Among the entries below, copy only the span from the line containing "Late-evening view out" through the line containing "Next are the". Do so exactly, and skip the pictures.

DATA:

____________________

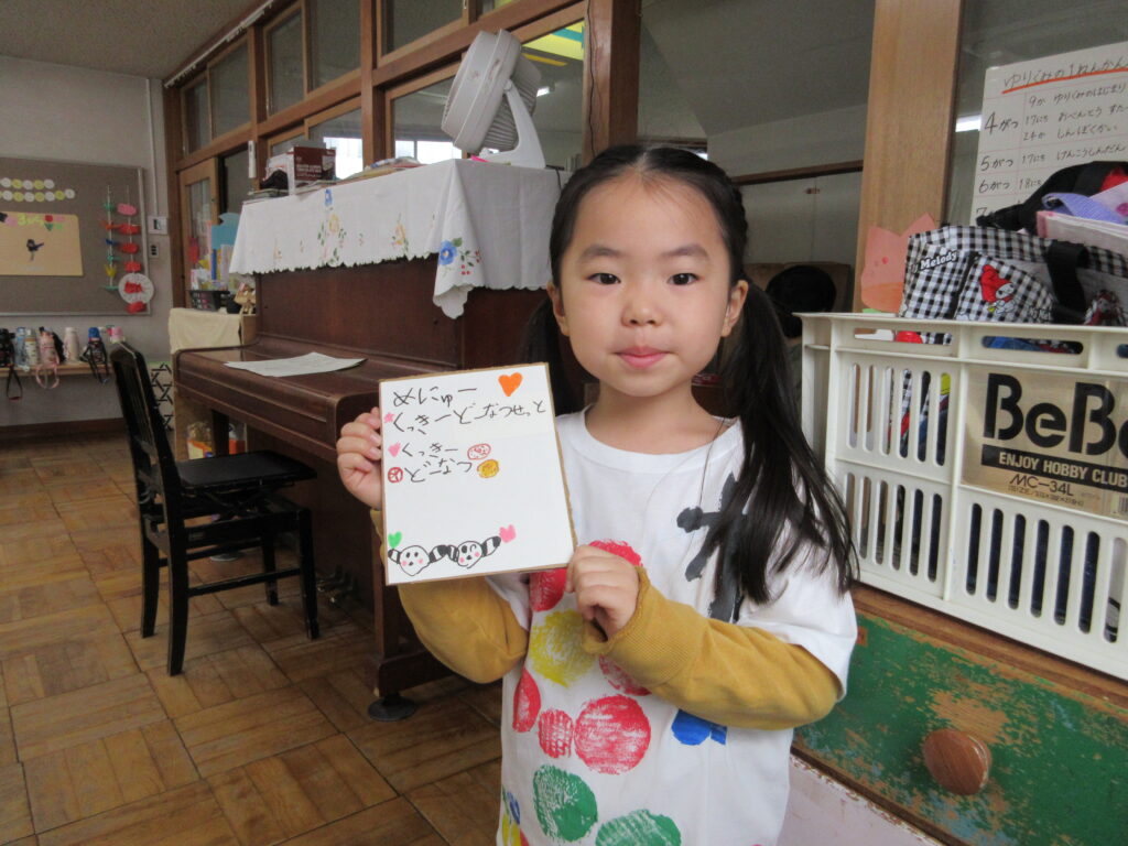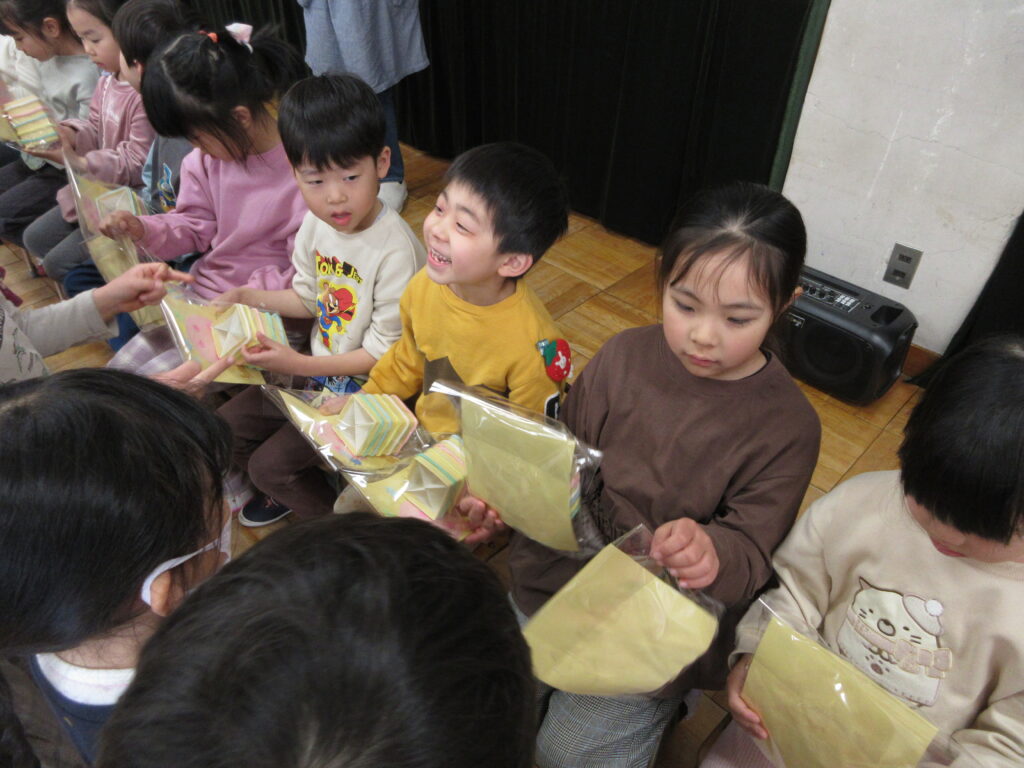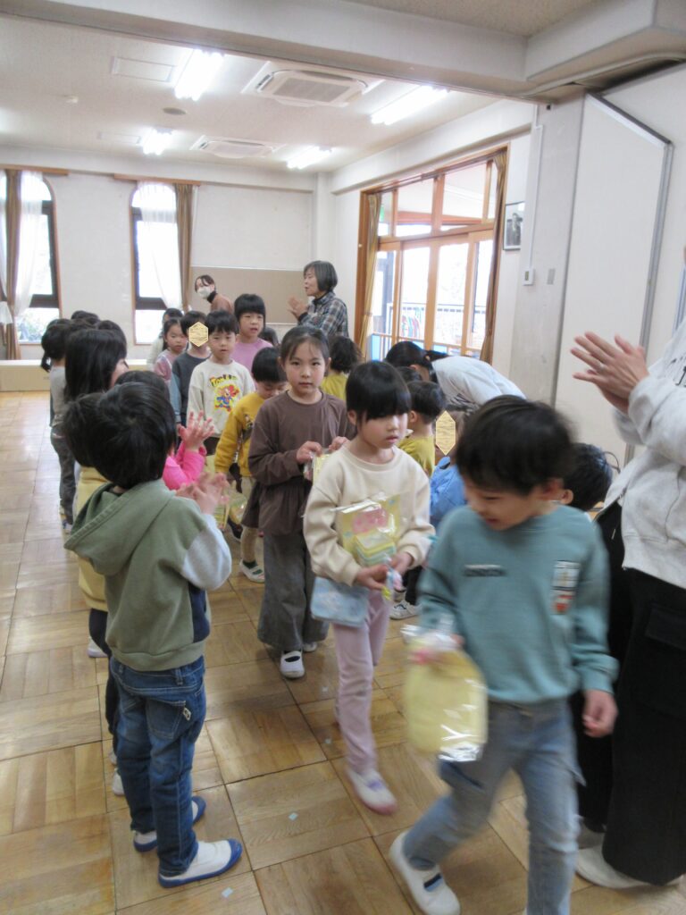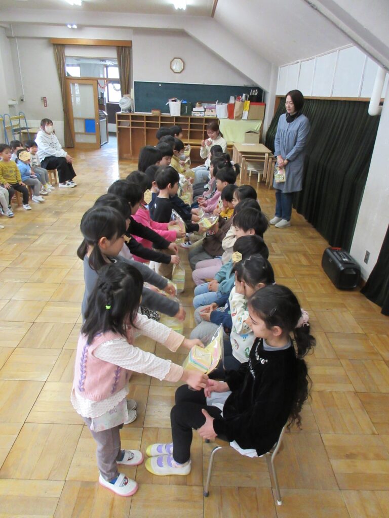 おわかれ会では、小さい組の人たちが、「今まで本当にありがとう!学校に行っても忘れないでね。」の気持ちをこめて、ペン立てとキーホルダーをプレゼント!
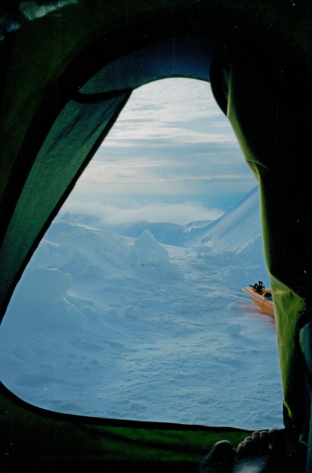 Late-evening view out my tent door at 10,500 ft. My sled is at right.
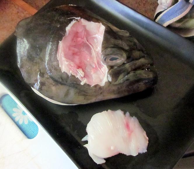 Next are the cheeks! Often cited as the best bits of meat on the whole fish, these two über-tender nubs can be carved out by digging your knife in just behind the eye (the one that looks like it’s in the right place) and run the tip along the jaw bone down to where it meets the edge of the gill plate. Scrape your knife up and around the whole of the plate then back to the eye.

____________________

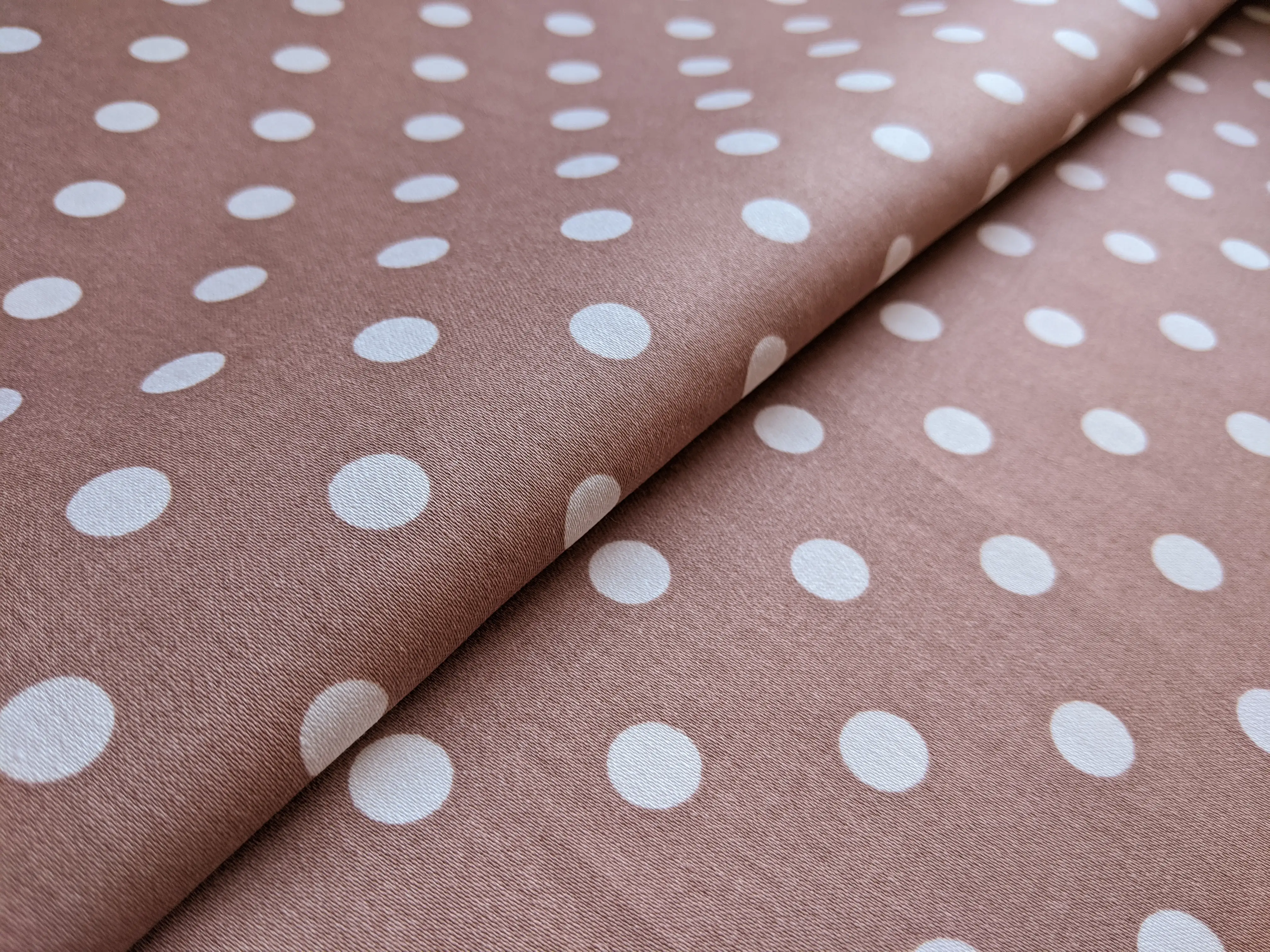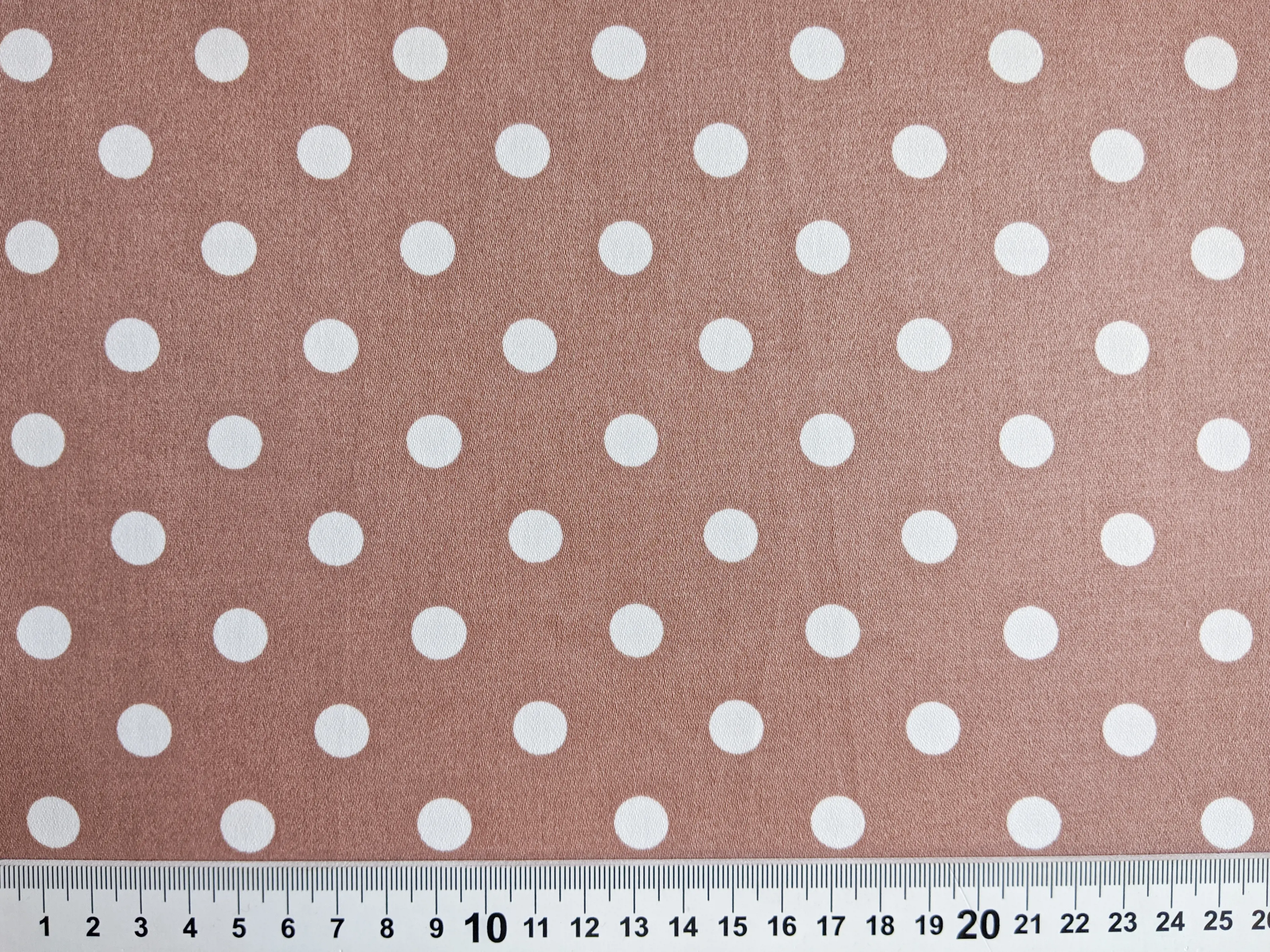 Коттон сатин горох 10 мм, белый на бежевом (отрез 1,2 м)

____________________

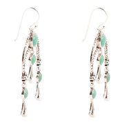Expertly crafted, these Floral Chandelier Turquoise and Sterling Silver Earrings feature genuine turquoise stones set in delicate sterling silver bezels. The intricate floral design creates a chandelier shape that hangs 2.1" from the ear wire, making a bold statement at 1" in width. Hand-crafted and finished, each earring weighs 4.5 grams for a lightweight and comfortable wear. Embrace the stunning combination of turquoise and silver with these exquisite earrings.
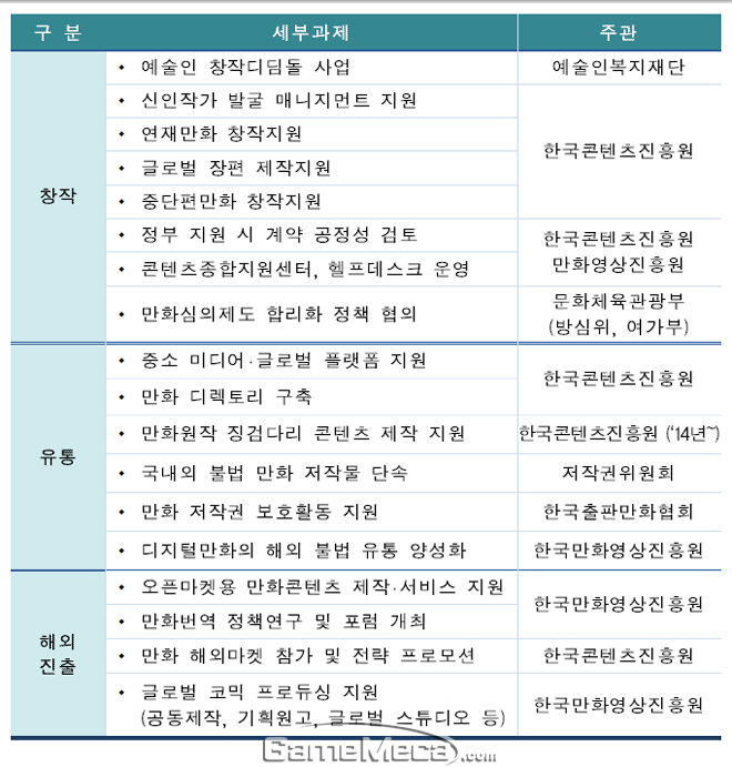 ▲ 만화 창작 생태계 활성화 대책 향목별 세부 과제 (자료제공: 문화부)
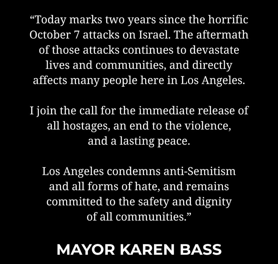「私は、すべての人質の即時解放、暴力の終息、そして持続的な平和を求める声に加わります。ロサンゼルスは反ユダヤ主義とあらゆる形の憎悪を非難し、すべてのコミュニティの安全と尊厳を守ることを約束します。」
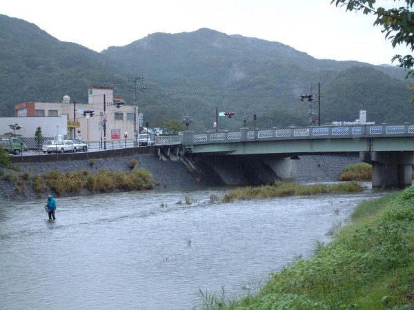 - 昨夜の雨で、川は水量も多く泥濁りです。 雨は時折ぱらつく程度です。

____________________

SOLUTION FOR THIS EXERCISE:
 Late-evening view out my tent door at 10,500 ft. My sled is at right.
 Next are the cheeks! Often cited as the best bits of meat on the whole fish, these two über-tender nubs can be carved out by digging your knife in just behind the eye (the one that looks like it’s in the right place) and run the tip along the jaw bone down to where it meets the edge of the gill plate. Scrape your knife up and around the whole of the plate then back to the eye.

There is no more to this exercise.